在软件工程中，自旋锁是一种用于多线程应用程序中的同步原语，用于保护共享资源。当一个线程尝试获取自旋锁但发现它已被另一个线程持有时，该线程不会立即进入睡眠状态（如传统互斥锁的情况），而是会在一个循环中持续“自旋”，不断检查锁是否可用。这种行为被称为忙等待。

自旋锁能够避免操作系统进程重新调度或上下文切换的开销，因此在线程可能仅会短暂阻塞的情况下，自旋锁非常高效。出于这个原因，操作系统内核经常使用自旋锁。

对于操作系统内核：
在SMP系统上，各个CPU可能同时处于核心态，在理论上可以操作所有现存的数据结构。为阻止CPU彼此干扰，需要通过锁保护内核的某些范围。锁可以确保每次只能有一个CPU访问被保护的范围。

内核可以不受限制地访问整个地址空间。在多处理器系统上（或类似地，在启用了内核抢占的单处理器系统上），这会引起一些问题。如果几个处理器同时处于核心态，则理论上它们可以同时访问同一个数据结构。

一、自旋锁

1.1 简介

内核当发生访问资源冲突的时候，可以有两种锁的解决方案选择：
（1）一个是原地等待
（2）一个是挂起当前进程，调度其他进程执行（睡眠）
自旋锁就是原地等待，直到锁释放。

中断上下文要用锁，首选 spinlock。

自旋锁：这些是最常用的锁选项。它们用于短期保护某段代码，以防止其他处理器的访问。在内核等待自旋锁释放时，会重复检查是否能获取锁，而不会进入睡眠状态（忙等待）。当然，如果等待时间较长，则效率显然不高。

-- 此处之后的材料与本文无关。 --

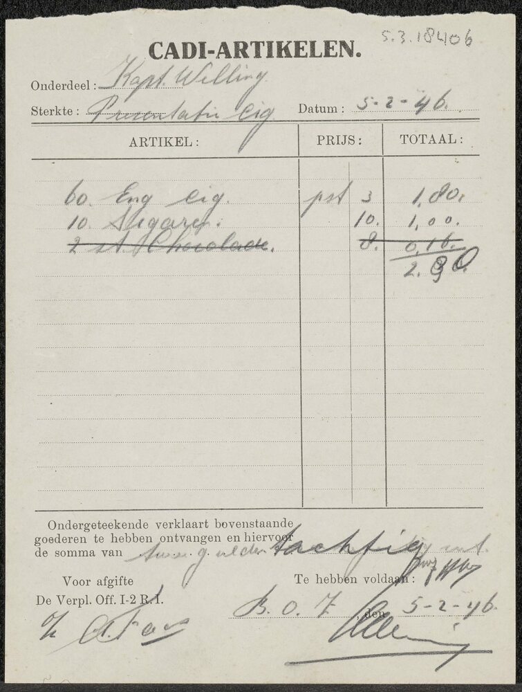 Rekening Cadi artikelen (60 Eng. cig, 10 sigaren en ...

自旋锁用于保护短的代码段，其中只包含少量C语句，因此会很快执行完毕。大多数内核数据结构都有自身的自旋锁，在处理结构中的关键成员时，必须获得相应的自旋锁。自旋锁在内核源代码中普遍存在。如下图所示：
在这里插入图片描述
当运行任务 B 的 CPU(B) 想要通过自旋锁的锁定函数获取锁，而这个自旋锁已经被另一个 CPU（例如运行任务 A 的 CPU(A)）持有时，CPU(B) 将简单地在一个循环中旋转，从而阻塞任务 B，直到另一个 CPU 释放该锁（任务 A 调用自旋锁的释放函数）。这种自旋只会发生在多核机器上，这就解释了之前描述的使用情况，因为涉及多个 CPU，所以在单核机器上不会发生：任务要么持有自旋锁并继续执行，要么直到锁被释放才能运行。自旋锁是由 CPU 持有的锁，这与互斥锁相反，互斥锁是由任务持有的锁。自旋锁通过禁用本地 CPU 上的调度程序运行（即运行调用自旋锁的锁定 API 的任务的 CPU）。这也意味着当前在该 CPU 上运行的任务不能被另一个任务抢占，除非 IRQs 被禁用（稍后会详细讨论）。换句话说，自旋锁保护只能由一个 CPU 一次获取/访问的资源。这使得自旋锁适用于 SMP 安全性和执行原子任务。

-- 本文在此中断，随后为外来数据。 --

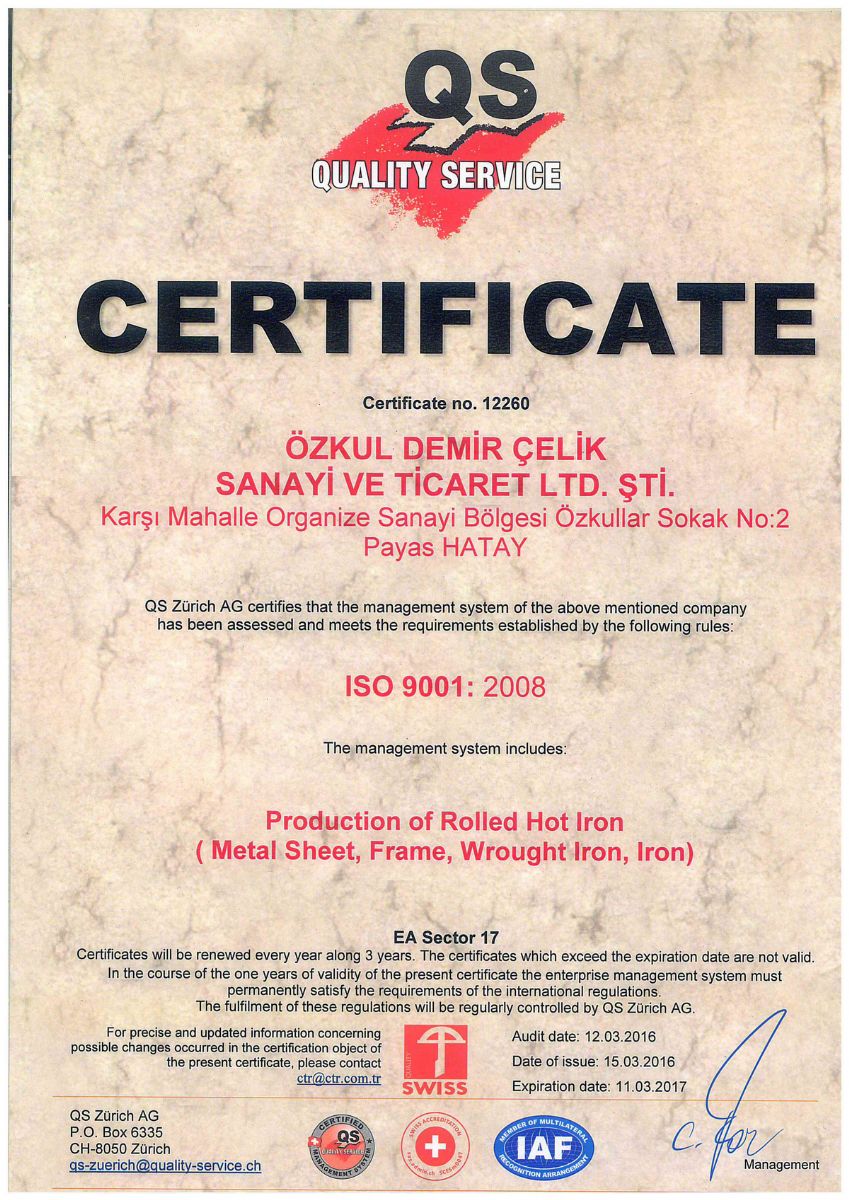 ÖZKUL DEMİR ÇELİK SAN.VE TİC.LTD.ŞTİAdres : Organize Sanayi Bölgesi Özkullar Sk.No:2 / HATAY / Payas

自旋锁并不是唯一利用硬件原子功能的实现方式。例如，在 Linux 内核中，抢占状态取决于每个 CPU 变量，如果等于 0，则表示抢占已启用。然而，如果大于 0，则表示抢占已禁用（schedule() 变为无效）。因此，禁用抢占（preempt_disable()）包括向当前每个 CPU 变量（实际为 preempt_count）添加 1，而 preempt_enable() 则从变量中减去 1，检查新值是否为 0，并调用 schedule()。这些加法/减法操作应该是原子的，因此依赖于 CPU 能够提供原子加法/减法功能。

1.2 API

在这里插入图片描述

1.2.1 spin_lock/spin_unlock

最常用的就是 spin_lock/spin_unlock 这一对API了，其使用：
动态定义：

spinlock_t lock;  //定义一个自旋锁变量
spin_lock_init(&lock)  //初始化自旋锁

静态定义：

DEFINE_SPINLOCK(lock)

使用：

spin_lock(&lock);  //加锁
//临界区
spin_unlock(&lock);  //解锁

// include/linux/spinlock_types.h

#define DEFINE_SPINLOCK(x)	spinlock_t x = __SPIN_LOCK_UNLOCKED(x)

// include/linux/spinlock.h

# define spin_lock_init(_lock)			\
do {						\
	spinlock_check(_lock);			\
	*(_lock) = __SPIN_LOCK_UNLOCKED(_lock);	\
} while (0)

// include/linux/spinlock.h

#define raw_spin_lock(lock)	_raw_spin_lock(lock)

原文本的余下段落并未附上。